Eclesiological Communitarism of Miroslav Volf


  • Valentin Siniy Таврийский христианский институт



doctrine of the Trinity, ecclesiology, church, Miroslav Volf, independent evangelical churches, theological communitarianism


Abstract: The article analyzes the features of the doctrine of the church of the outstandingProtestant theologian of the early XXI century Miroslav Volf. Volf's understanding of the church as a reality that preceded the emergence of the individual as a Christian means a radical break with liberal Protestant ideas of the church community as created by the voluntary decision of individuals. But Volf does not share the collectivist idea of ​​the church as an organism in which the individual is completely subjugated to the whole. It is established that Volf creates a communitarian model of the church, in which the church community is understood as the unity of diversity. Unity itself has the character of interpersonal relations. Individuals with different charisms in the community interact with each other like the fellowship of the Three in God. Communitarianism in Volf's ecclesiology as a "middle way" between liberal individualism and total collectivism has all the hallmarks of postliberal theological theory. It is proved that Volf's communitarianism became a creative development of Christian personalism of the XX century with its emphasis on the existential freedom of the individual and the importance of interpersonal relations.

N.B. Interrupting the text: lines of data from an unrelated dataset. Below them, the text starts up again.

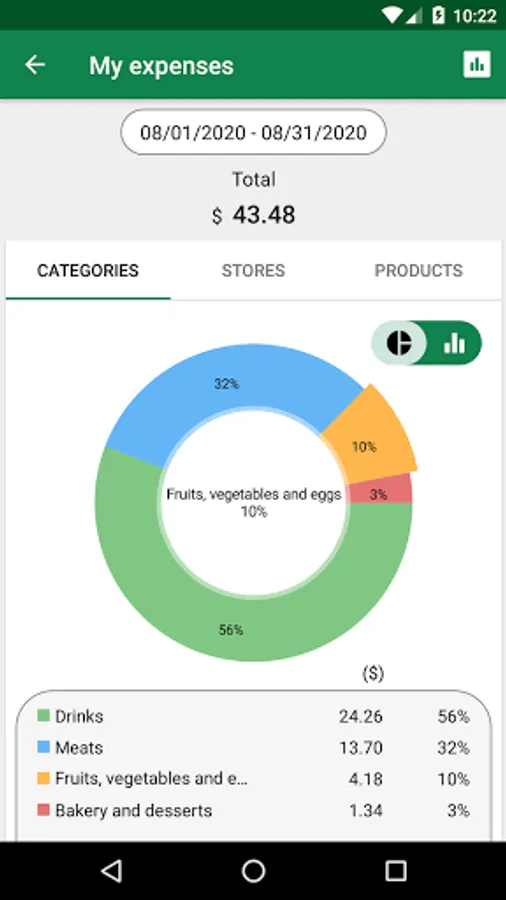 SoftList is the only shopping list app that has reports and charts to analyze your expenses. You can analyze various information, such as which product or category had more expenses.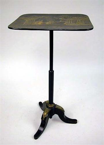 A GEORGE III STYLE ORMOLU-MOUNTED BLACK-LACQUER CANDLESTAND; Rectangular top on turned standard and downswept legs 27"h x 15"w x 12"d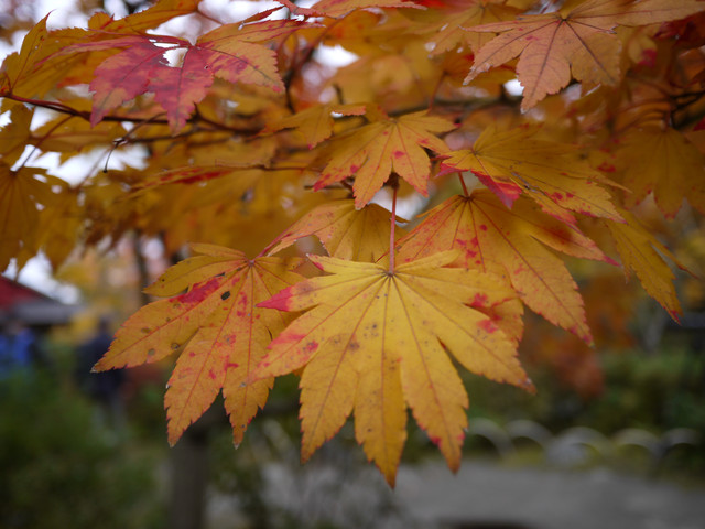半紅、半黃、半綠的楓葉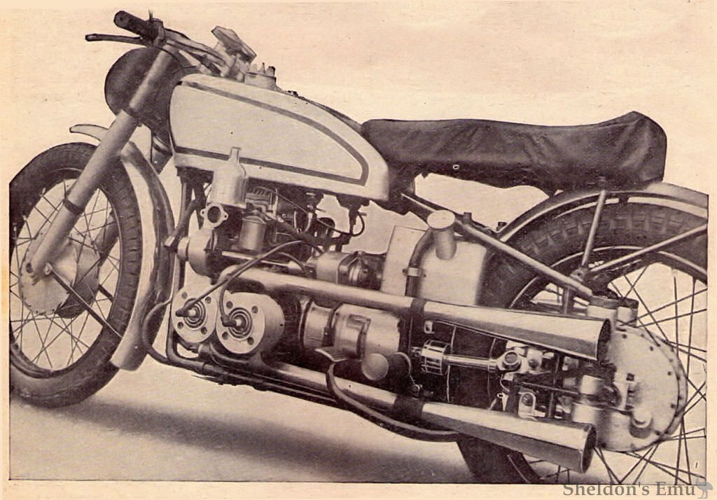He built his first motorcycle in 1942 during World War II while he was with Rolls Royce. It was a 500cc flat four superchaged two-stroke with shaft drive.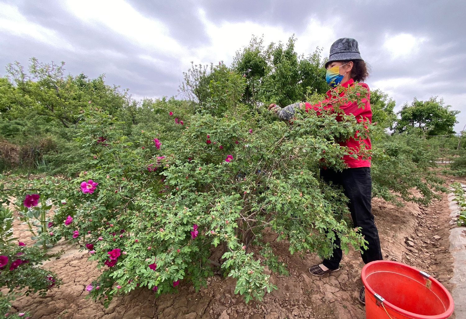 资料图为甘肃兰州市永登县,花农采摘苦水玫瑰花。中新社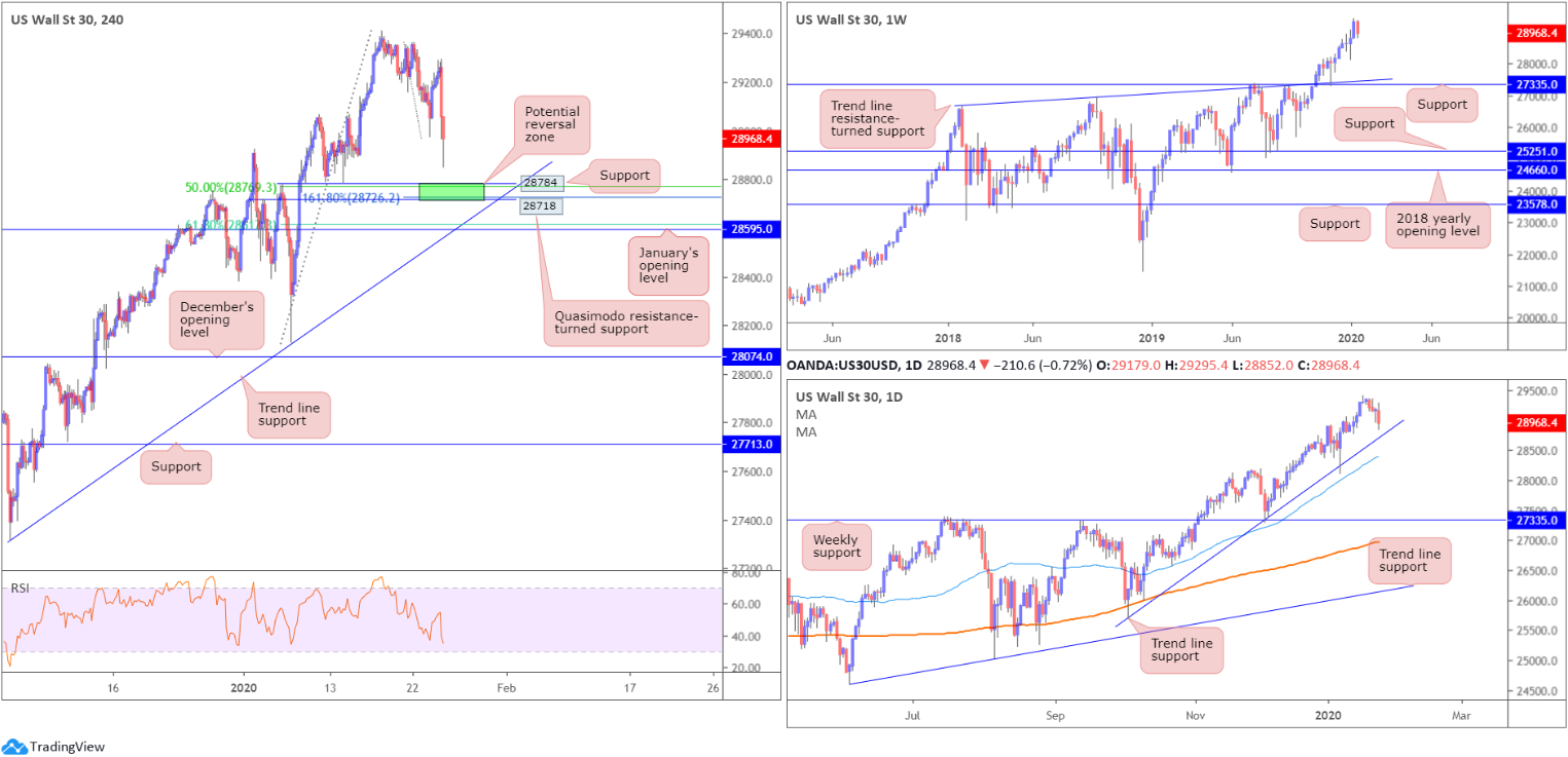 While 28718/28784 certainly has appeal for potential long opportunities this week, the possibility of a fakeout emerging through the said area to January’s opening level at 28595/the 61.8% Fibonacci retracement at 28621 is certainly there. For that reason, entering based on additional confirmation might be an idea. This could be something as simple as a H4 bullish candlestick signal, or drilling down to the lower timeframes and attempting to enter based off lower-timeframe structure, a trend line break/retest, for example.

Volf succeeded in building ecclesiological communitarianism not so much because of his many specific speculations about the organization of church communities, but because of his vision of personalism. Namely, as we noted above, Volf combines the idea of ​​personality as dependent on its relations with other personalities (here he develops Ratzinger's theory) with the vision of personality as an apophatic secret that is higher than all its properties and charisma (here he creatively interprets the theory Zizioulas). Accordingly, a personality that exists in absolute openness to the influences of other personalities on the one hand, and is absolutely unique on the other, makes possible the existence of a communitarian church community. Volf emphasizes that the catholicity (completeness and completeness) of the individual Christian personality is as necessary as the catholicity of the whole church community. The characterization of the individual as a conciliar presupposes not only the traditional ideal of the integrity of all faculties and the charisma of the individual in his intention to communicate with God, but also the vision of the legitimacy of the inner diversity of the individual. The possible complexity of the identity of the individual is almost infinite, and the willingness to accept it in the community - the main feature of Volf's communitarianism. Similarly, every ecclesial community must be ready to accept as Christian all other ecclesial communities, whatever the peculiarities of their identity. It is clear that such an understanding of catholicity is possible only in Protestantism. As Volf rightly points out, Catholicism presupposes that the ecclesial community must be the local embodiment of the common ecclesial identity of the whole structure, and Orthodoxy emphasizes that a separate community is necessarily identical in identity to the common identity of the church through the Eucharist. Volf's communitarianism allows us to describe church communities and their associations as network structures in which all individuals are active actors whose abilities and charisms are important for the constitution of communities.